The Garden of Eden is the decades-long work of S.P. Dinsmoor, a Civil War veteran, adamant Populist, and undeniably eccentric sculptor. His Wikipedia page even lists him as such. The man built and maintained his home as a museum up until his death. In fact, he's interred in a symbolic concrete pyramid that he made in the backyard. You can see his blackened, mummified corpse if you ask nicely. His first wife was also laid to rest there. At first, the city had her forcibly buried in the local cemetery, so he dug her up and entombed her remains in the concrete pyramid. See, I told you it was interesting. Why would I lie? Stop driving and reading at the same time.
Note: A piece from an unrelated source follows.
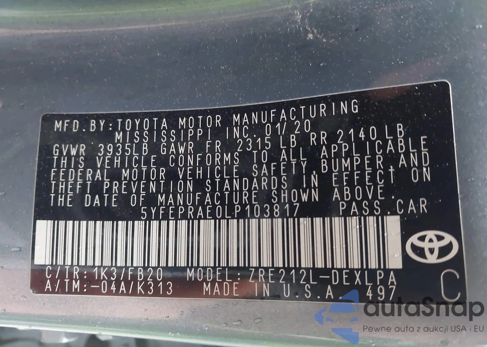 LOT: 43712932 VIN: 5YFEPRAE0LP103817

Dunsmoor's work and writings are on display throughout the property. The front yard contains the agreeable stuff — fantastic, striking depictions of biblical creation, the influence of Satan. Things your parents warned you about as a kid. The backyard displays his political work regarding the importance of labor and collective bargaining, the villainy of bankers, capitalism, etc. More things your parents warned you about as a kid.
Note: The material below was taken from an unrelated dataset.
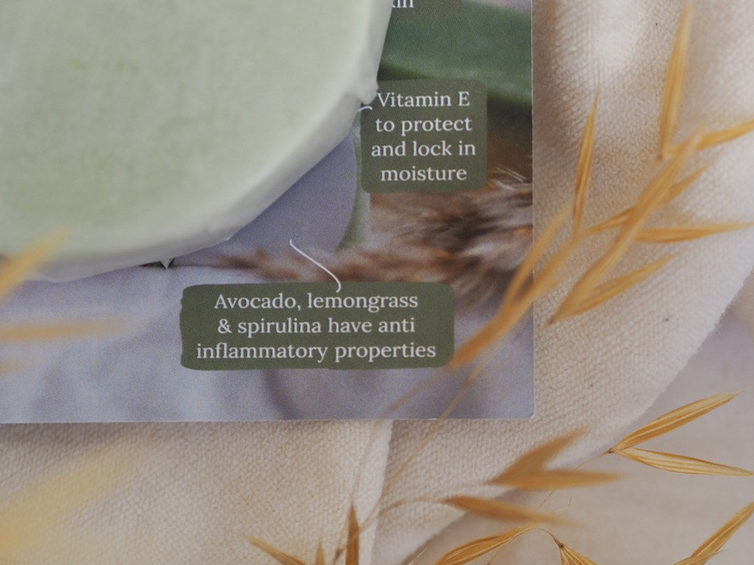 Spirulina and Avocado Oil are powerful antioxidants and anti-inflammatories. Vitamin E is a nourishing, protective & powerful antioxidant which is easily absorbed into the skin. Lemongrass and Cedarwood Essential Oils are antimicrobial, anti-fungal and uplifting.

Across the street from The Garden are the remnants of a very kind couple's endeavor to beautify the lives of passersby and quench their thirst simultaneously.
A few blocks west is the wonderfully exhaustively titled Home of the World's Largest Collection of the World's Smallest Versions of the World's Largest Things. Formerly a one-woman show in a traveling art car, the now-permanent home of the collection showcases not just the objects in question, but the character of the mastermind behind it all as well in a colorful, circus-lettered, old-timey music-playing storefront. As seen on Conan, in Lucas, Kansas, and back country roads all over America. Don't knock; the door's probably open.
Cattywampus to World's Largest, we have a beautifully tiled public toilet. If, for no reason other than being at the mercy of your bowels you stop here, then so be it. Even the loo is worth a peek.
And across the street from that, we have a museum dedicated to outsider and folk art from locals. Featuring otherworldly collages, yarn horror vacui, and very sweet docents, it's well worth the low admission to see what the eclectic population of Kansas is up to. The docent may also be inclined to direct you to a last stop in Lucas. Someone's unmarked backyard, in fact. Another concrete sculptor made her home here, and it's currently in the process of being restored by none other than the creator of World's Largest herself.
The streets of Lucas, Kansas seem to be empty at the moment. Perhaps you, in all your berobed, Birkenstocked glory can change that.